* RECORDED DATA
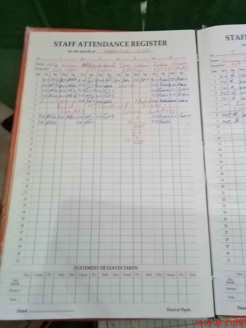 | Leave | Duty | Absent | Maternity | Medical | Ex- Pak |
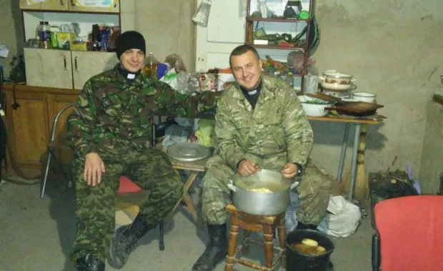 Із посмішкою, якось по-дитячому просто капелан розповідає про побут солдат на фронті.
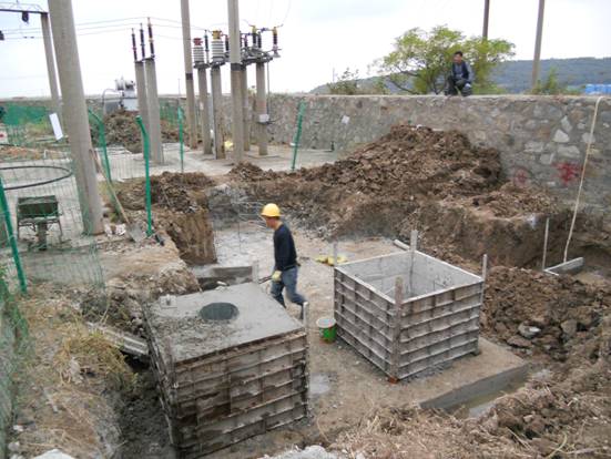圖為管港變電所內(nèi)設(shè)備基礎(chǔ)施工場(chǎng)景
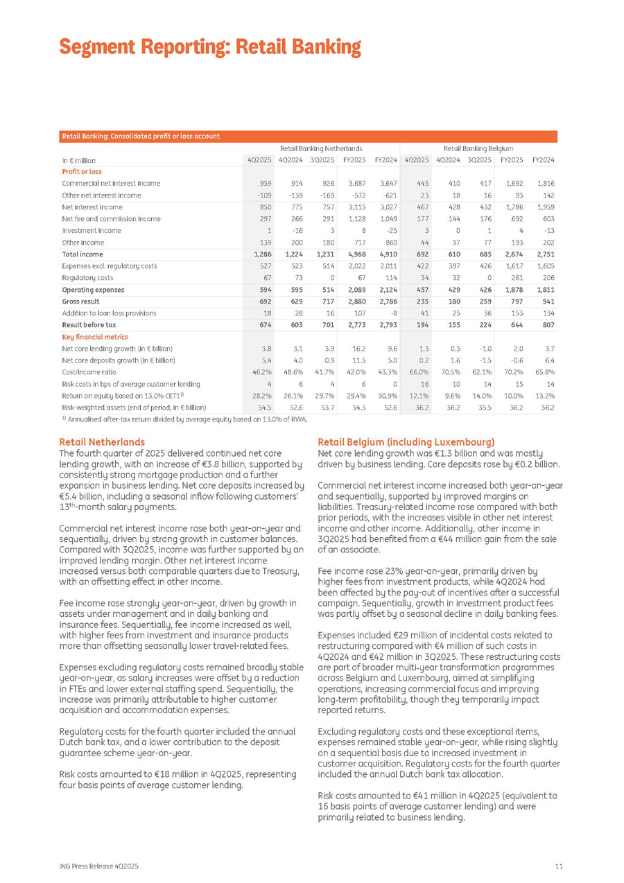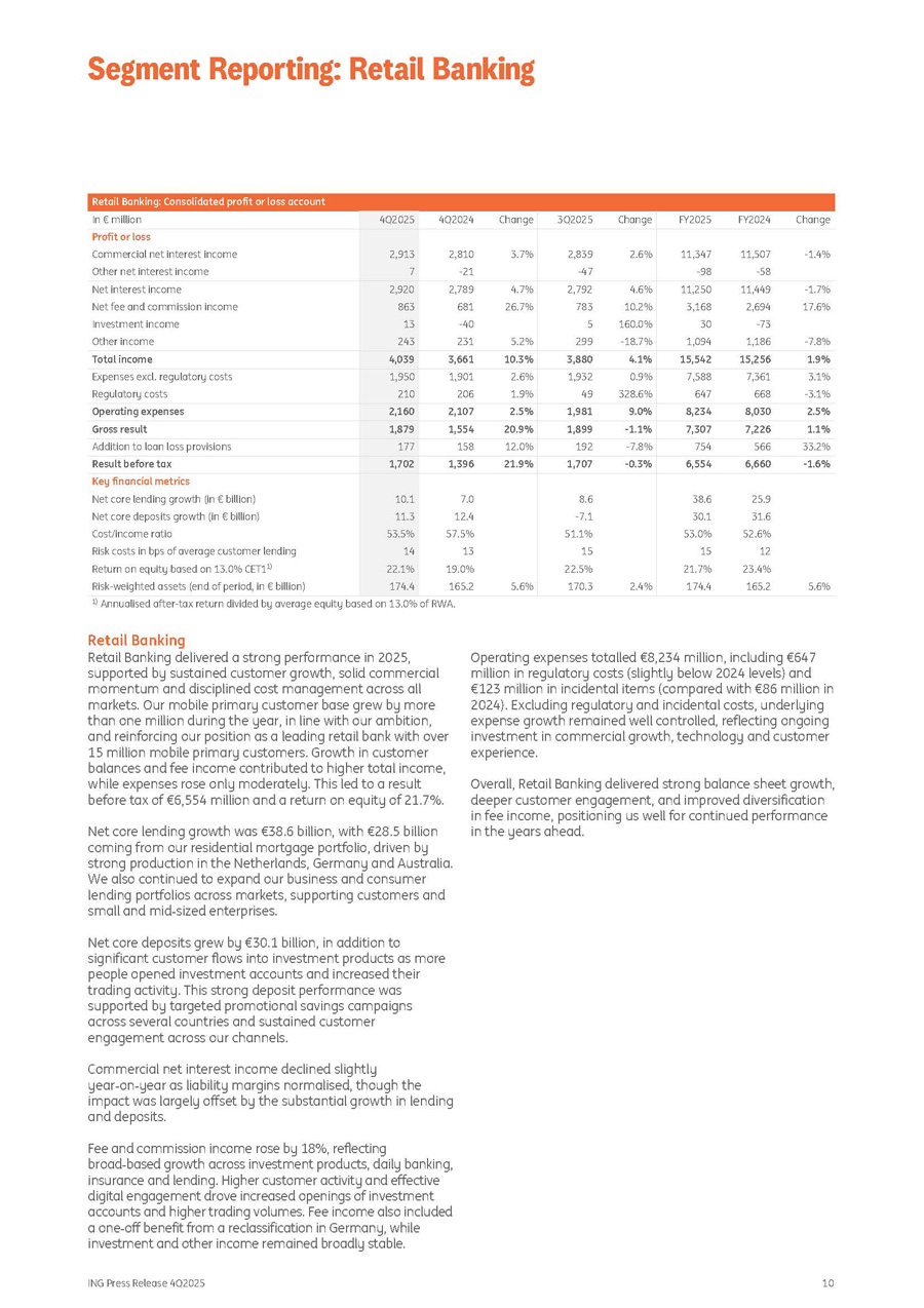 ING Press Release 4Q2025 10 Retail Banking: Consolidated profit or loss account Change FY2024 FY2025 Change 3Q2025 Change 4Q2024 4Q2025 In € million - 1.4% 11,507 - 58 11,347 - 98 2.6% 2,839 - 47 3.7% 2,810 - 21 2,913 7 Profit or loss Commercial net interest income Other net interest income - 1.7% 11,449 11,250 4.6% 2,792 4.7% 2,789 2,920 Net interest income 17.6% 2,694 3,168 10.2% 783 26.7% 681 863 Net fee and commission income - 73 30 160.0% 5 - 40 13 Investment income - 7.8% 1,186 1,094 - 18.7% 299 5.2% 231 243 Other income 1.9% 15,256 15,542 4.1% 3,880 10.3% 3,661 4,039 Total income 3.1% 7,361 7,588 0.9% 1,932 2.6% 1,901 1,950 Expenses excl. regulatory costs - 3.1% 668 647 328.6% 49 1.9% 206 210 Regulatory costs 2.5% 8,030 8,234 9.0% 1,981 2.5% 2,107 2,160 Operating expenses 1.1% 7,226 7,307 - 1.1% 1,899 20.9% 1,554 1,879 Gross result 33.2% 566 754 - 7.8% 192 12.0% 158 177 Addition to loan loss provisions - 1.6% 6,660 6,554 - 0.3% 1,707 21.9% 1,396 1,702 Result before tax Key financial metrics 25.9 38.6 8.6 7.0 10.1 Net core lending growth (in € billion) 31.6 30.1 - 7.1 12.4 11.3 Net core deposits growth (in € billion) 52.6% 53.0% 51.1% 57.5% 53.5% Cost/income ratio 12 15 15 13 14 Risk costs in bps of average customer lending 23.4% 21.7% 22.5% 19.0% 22.1% Return on equity based on 13.0% CET1 1) 5.6% 165.2 174.4 2.4% 170.3 5.6% 165.2 174.4 Risk - weighted assets (end of period, in € billion) 1) Annualised after - tax return divided by average equity based on 13.0% of RWA. Retail Banking Retail Banking delivered a strong performance in 2025, supported by sustained customer growth, solid commercial momentum and disciplined cost management across all markets. Our mobile primary customer base grew by more than one million during the year, in line with our ambition, and reinforcing our position as a leading retail bank with over 15 million mobile primary customers. Growth in customer balances and fee income contributed to higher total income, while expenses rose only moderately. This led to a result before tax of €6,554 million and a return on equity of 21.7%. Net core lending growth was €38.6 billion, with €28.5 billion coming from our residential mortgage portfolio, driven by strong production in the Netherlands, Germany and Australia. We also continued to expand our business and consumer lending portfolios across markets, supporting customers and small and mid - sized enterprises. Net core deposits grew by €30.1 billion, in addition to significant customer flows into investment products as more people opened investment accounts and increased their trading activity. This strong deposit performance was supported by targeted promotional savings campaigns across several countries and sustained customer engagement across our channels. Commercial net interest income declined slightly year - on - year as liability margins normalised, though the impact was largely offset by the substantial growth in lending and deposits. Fee and commission income rose by 18%, reflecting broad - based growth across investment products, daily banking, insurance and lending. Higher customer activity and effective digital engagement drove increased openings of investment accounts and higher trading volumes. Fee income also included a one - off benefit from a reclassification in Germany, while investment and other income remained broadly stable. Operating expenses totalled €8,234 million, including €647 million in regulatory costs (slightly below 2024 levels) and €123 million in incidental items (compared with €86 million in 2024). Excluding regulatory and incidental costs, underlying expense growth remained well controlled, reflecting ongoing investment in commercial growth, technology and customer experience. Overall, Retail Banking delivered strong balance sheet growth, deeper customer engagement, and improved diversification in fee income, positioning us well for continued performance in the years ahead. Segment Reporting: Retail Banking

* ACTIVITY
Give every line of the data above again as it stands; the pictures stay out.

* ANSWER SECTION
 | Leave | Duty | Absent | Maternity | Medical | Ex- Pak |
 Із посмішкою, якось по-дитячому просто капелан розповідає про побут солдат на фронті.
圖為管港變電所內(nèi)設(shè)備基礎(chǔ)施工場(chǎng)景
 ING Press Release 4Q2025 10 Retail Banking: Consolidated profit or loss account Change FY2024 FY2025 Change 3Q2025 Change 4Q2024 4Q2025 In € million - 1.4% 11,507 - 58 11,347 - 98 2.6% 2,839 - 47 3.7% 2,810 - 21 2,913 7 Profit or loss Commercial net interest income Other net interest income - 1.7% 11,449 11,250 4.6% 2,792 4.7% 2,789 2,920 Net interest income 17.6% 2,694 3,168 10.2% 783 26.7% 681 863 Net fee and commission income - 73 30 160.0% 5 - 40 13 Investment income - 7.8% 1,186 1,094 - 18.7% 299 5.2% 231 243 Other income 1.9% 15,256 15,542 4.1% 3,880 10.3% 3,661 4,039 Total income 3.1% 7,361 7,588 0.9% 1,932 2.6% 1,901 1,950 Expenses excl. regulatory costs - 3.1% 668 647 328.6% 49 1.9% 206 210 Regulatory costs 2.5% 8,030 8,234 9.0% 1,981 2.5% 2,107 2,160 Operating expenses 1.1% 7,226 7,307 - 1.1% 1,899 20.9% 1,554 1,879 Gross result 33.2% 566 754 - 7.8% 192 12.0% 158 177 Addition to loan loss provisions - 1.6% 6,660 6,554 - 0.3% 1,707 21.9% 1,396 1,702 Result before tax Key financial metrics 25.9 38.6 8.6 7.0 10.1 Net core lending growth (in € billion) 31.6 30.1 - 7.1 12.4 11.3 Net core deposits growth (in € billion) 52.6% 53.0% 51.1% 57.5% 53.5% Cost/income ratio 12 15 15 13 14 Risk costs in bps of average customer lending 23.4% 21.7% 22.5% 19.0% 22.1% Return on equity based on 13.0% CET1 1) 5.6% 165.2 174.4 2.4% 170.3 5.6% 165.2 174.4 Risk - weighted assets (end of period, in € billion) 1) Annualised after - tax return divided by average equity based on 13.0% of RWA. Retail Banking Retail Banking delivered a strong performance in 2025, supported by sustained customer growth, solid commercial momentum and disciplined cost management across all markets. Our mobile primary customer base grew by more than one million during the year, in line with our ambition, and reinforcing our position as a leading retail bank with over 15 million mobile primary customers. Growth in customer balances and fee income contributed to higher total income, while expenses rose only moderately. This led to a result before tax of €6,554 million and a return on equity of 21.7%. Net core lending growth was €38.6 billion, with €28.5 billion coming from our residential mortgage portfolio, driven by strong production in the Netherlands, Germany and Australia. We also continued to expand our business and consumer lending portfolios across markets, supporting customers and small and mid - sized enterprises. Net core deposits grew by €30.1 billion, in addition to significant customer flows into investment products as more people opened investment accounts and increased their trading activity. This strong deposit performance was supported by targeted promotional savings campaigns across several countries and sustained customer engagement across our channels. Commercial net interest income declined slightly year - on - year as liability margins normalised, though the impact was largely offset by the substantial growth in lending and deposits. Fee and commission income rose by 18%, reflecting broad - based growth across investment products, daily banking, insurance and lending. Higher customer activity and effective digital engagement drove increased openings of investment accounts and higher trading volumes. Fee income also included a one - off benefit from a reclassification in Germany, while investment and other income remained broadly stable. Operating expenses totalled €8,234 million, including €647 million in regulatory costs (slightly below 2024 levels) and €123 million in incidental items (compared with €86 million in 2024). Excluding regulatory and incidental costs, underlying expense growth remained well controlled, reflecting ongoing investment in commercial growth, technology and customer experience. Overall, Retail Banking delivered strong balance sheet growth, deeper customer engagement, and improved diversification in fee income, positioning us well for continued performance in the years ahead. Segment Reporting: Retail Banking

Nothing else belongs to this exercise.